Parkinson’s disease is a progressive disorder caused by nerve cell degeneration in the substantia nigra, a region of the brain that controls movement. These nerve cells die or become impaired, losing their ability to produce an important chemical called dopamine. According to research, symptoms of Parkinson’s disease develop in patients who have an 80% or greater loss of dopamine-producing cells in the substantia nigra.
During Parkinson’s disease, a very specific type of cell dies deep within the human brain. For the first time, researchers separated large numbers of human brain cells in the substantia nigra into ten distinct types. The team reports in Nature Neuroscience that only one is especially vulnerable in Parkinson’s disease. The result could lead to a clearer view of how Parkinson’s takes hold, and perhaps even ways to stop it.

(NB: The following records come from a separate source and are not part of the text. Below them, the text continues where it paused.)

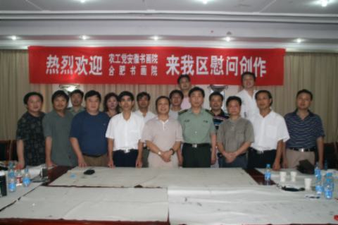 今年是中国人民解放军建军八十一周年,为庆祝“八一”建军节的到来,7月25日下午,农工党安徽省委组织党内书画院的书画家们前往中国人民解放军合肥警备区进行慰问书画创作活动,得到警备区指战员的热烈欢迎。虽是烈日炎炎的盛夏,但书画家们不辞辛苦,以饱满的热情创作了一幅幅山水、人物、花鸟画和书法作品,其中巨幅作品《春之韵》由书画家们集体创作完成的,体现了书画家对广大官兵的深情厚谊和美好的祝愿。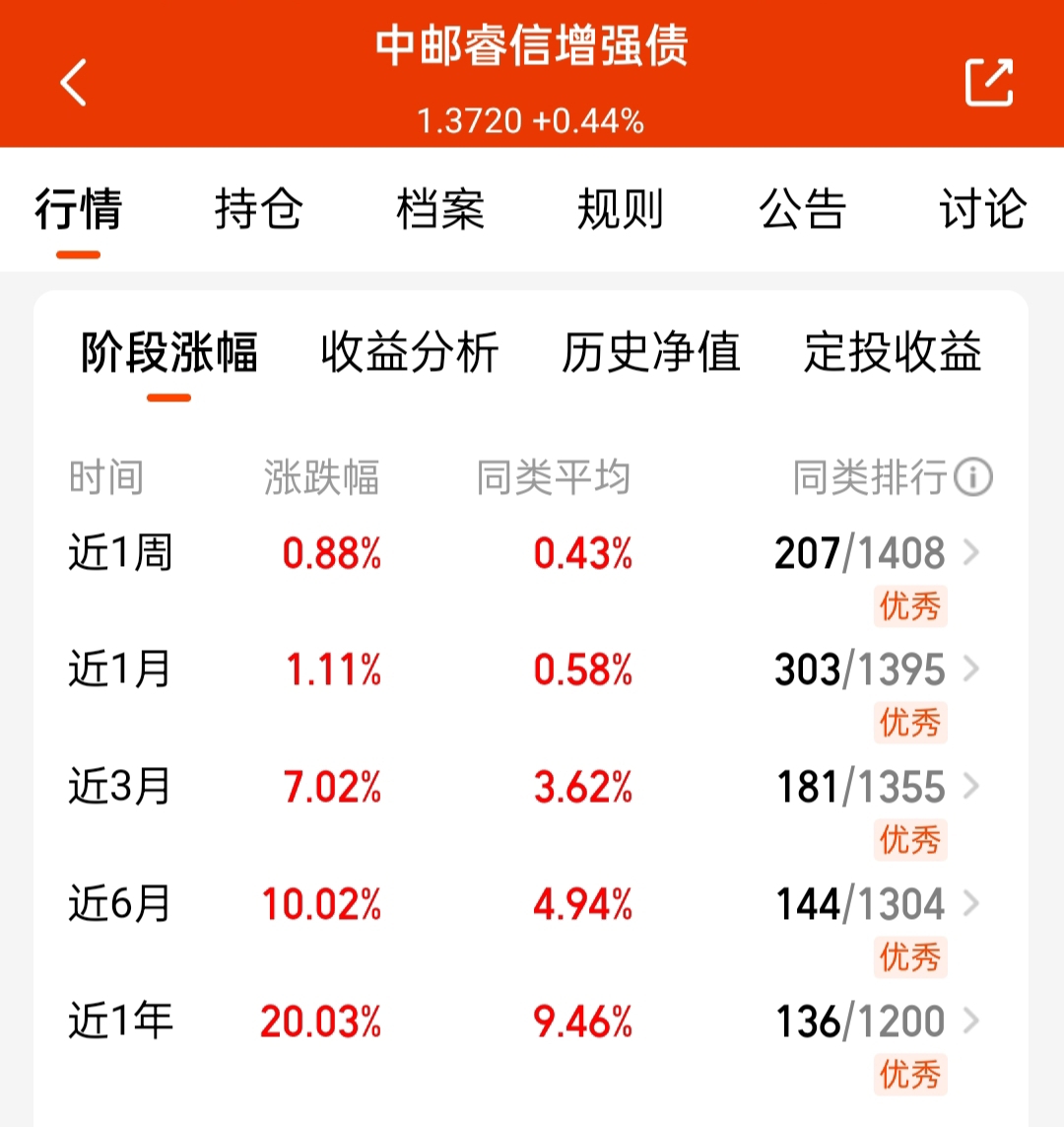 还是混债收蛋香多了,$中邮睿信增强债$主投信用债+可转债+股票的,抗跌能力强,昨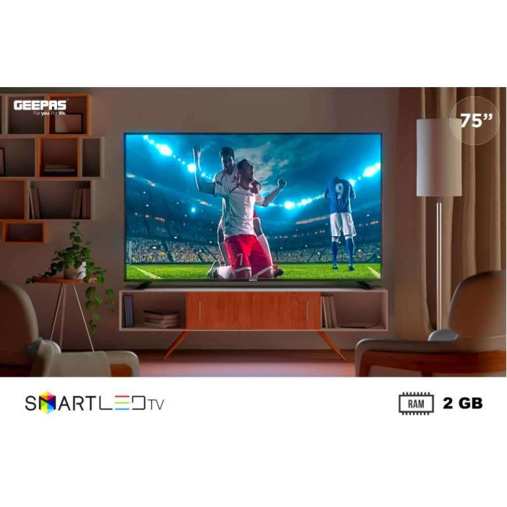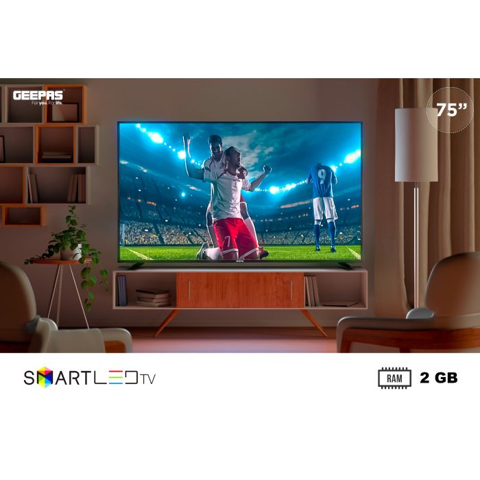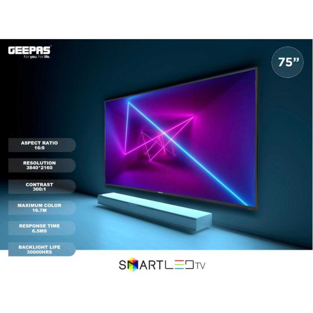 Geepas 75" 4K UHD Smart LED TV GLED7520SEUHD. Display Type: 75" ; Backlight life- 30000 hrs;Aspect Ratio: 16:9, Resolution: 3840*2160; Maximum colors- 16.7MEnergy Saving Technology, Dynamic Sound; Response time- 6.5MSPower Supply: AC 100V-240V ~ 50/60Hz; Power consumption (operation)‹ 320W; Power consumption (standby)‹ 0.5W4K ULTRA HD VIDEO QUALITY - Comes with four times the resolution of Full HD, you'll experience the detail and color definition. Micro dimming technologies – brightness color saturation and contrast are intelligently optimized in every frame.SMART FEATURES - Built-in, enjoy thousands of apps in Android 9.0 and channels including Netflix, YouTube, Prime Video, BBC, ITV, Channel 4, Disney, and more (subscription fees may apply).9.0 Android TV - HD Ready display, cinematic HQ sound, multiple ports, leading performance, and mirror cast feature with an android 9.0 version. Android TV offers thousands of movies, shows, and games from Google Play, YouTube, and your favorite apps. You can easily cast movies, shows, and photos from your Android or iOS device.HIGH-QUALITY SOUND - With HQ superior audio experience is delivered. Featuring dynamic EQ, the sound is intelligently optimized according to audio content - or customized to personal taste instead.WIDE VIEWING ANGLE - Enjoy the same consistency and clarity from almost any viewing angle 176"(H)/176"(W). Sit at any corner of the room you will experience the same quality. This 65” screen with 3840*2160 resolution gives an expansive entertainment experience. This LED TV is 168.16 x 31.41 x 101.52cm in size.

According to neuroscientist Raj Awatramani of Northwestern University Feinberg School of Medicine in Chicago, the new study “gets right to the heart of the matter. The strength of this paper,” says Awatramani, who was not involved in the study, is identifying brain cells that appear to be especially vulnerable to the devastating disease.
If a particular subtype is more vulnerable in Parkinson’s disease, maybe that’s the one we should be trying to replace. With a relatively small number of people, we were able to get some pretty interesting insights; I think we’ll learn a lot when we get to a larger number of people with other types of diseases.Raj Awatramani
Parkinson’s disease robs people of their ability to move smoothly, leaving them with balance issues, tremors, and rigidity. Parkinson’s disease is estimated to affect nearly 1 million people in the United States. For decades, scientists have known that these symptoms are caused by the death of nerve cells in the substantia nigra. Neurons there, among other things, produce dopamine, a chemical signal involved in movement. But those dopamine-making neurons are not all equally vulnerable in Parkinson’s, it turns out.
“This seemed like an opportunity to … really clarify which kinds of cells are actually dying in Parkinson’s disease,” says Evan Macosko, a psychiatrist and neuroscientist at Massachusetts General Hospital in Boston and the Broad Institute of MIT and Harvard.
The difficult part was that dopamine-producing neurons in the substantia nigra are uncommon. “We couldn’t survey enough of [the cells] to really get an answer,” Macosko says of postmortem brain samples. However, Abdulraouf Abdulraouf, a researcher in Macosko’s laboratory, led experiments that sorted these cells, figuring out a way to selectively pull the nuclei of the cells out from the rest of the cells in the substantia nigra. This enrichment resulted in an abundance of nuclei to study.
The researchers further classified dopamine-producing cells in the substantia nigra into ten distinct groups by studying over 15,000 nuclei from the brains of eight previously healthy people. Each of these cell groups was defined by a specific brain location as well as active gene combinations.
When the researchers examined substantia nigra neurons in the brains of people who died from Parkinson’s disease or the related Lewy body dementia, they noticed something unusual: one of these ten cell types was drastically reduced.
Tushar Kamath and colleagues discovered that these missing neurons were identified by their location in the lower part of the substantia nigra and an active AGTR1 gene. According to Macosko, that gene was thought to simply serve as a good way to identify these cells; researchers do not know whether the gene plays a role in the fate of these dopamine-producing cells in humans.
The new discovery suggests potential treatments for the debilitating diseases. Scientists have been eager to replace the missing dopamine-producing neurons in Parkinson’s patients’ brains. According to Awatramani, the new study shows what those cells would need to look like. “If a particular subtype is more vulnerable in Parkinson’s disease, maybe that’s the one we should be trying to replace,” he says.
Indeed, Macosko claims that stem cell researchers have already made contact, eager to create these specific cells. “We hope this serves as a starting point,” Macosko says.
A small number of human brains were used in the new study. Macosko and his colleagues hope to study more brains and brain parts in the future. “With a relatively small number of people, we were able to get some pretty interesting insights,” he says. “I think we’ll learn a lot when we get to a larger number of people with other types of diseases.”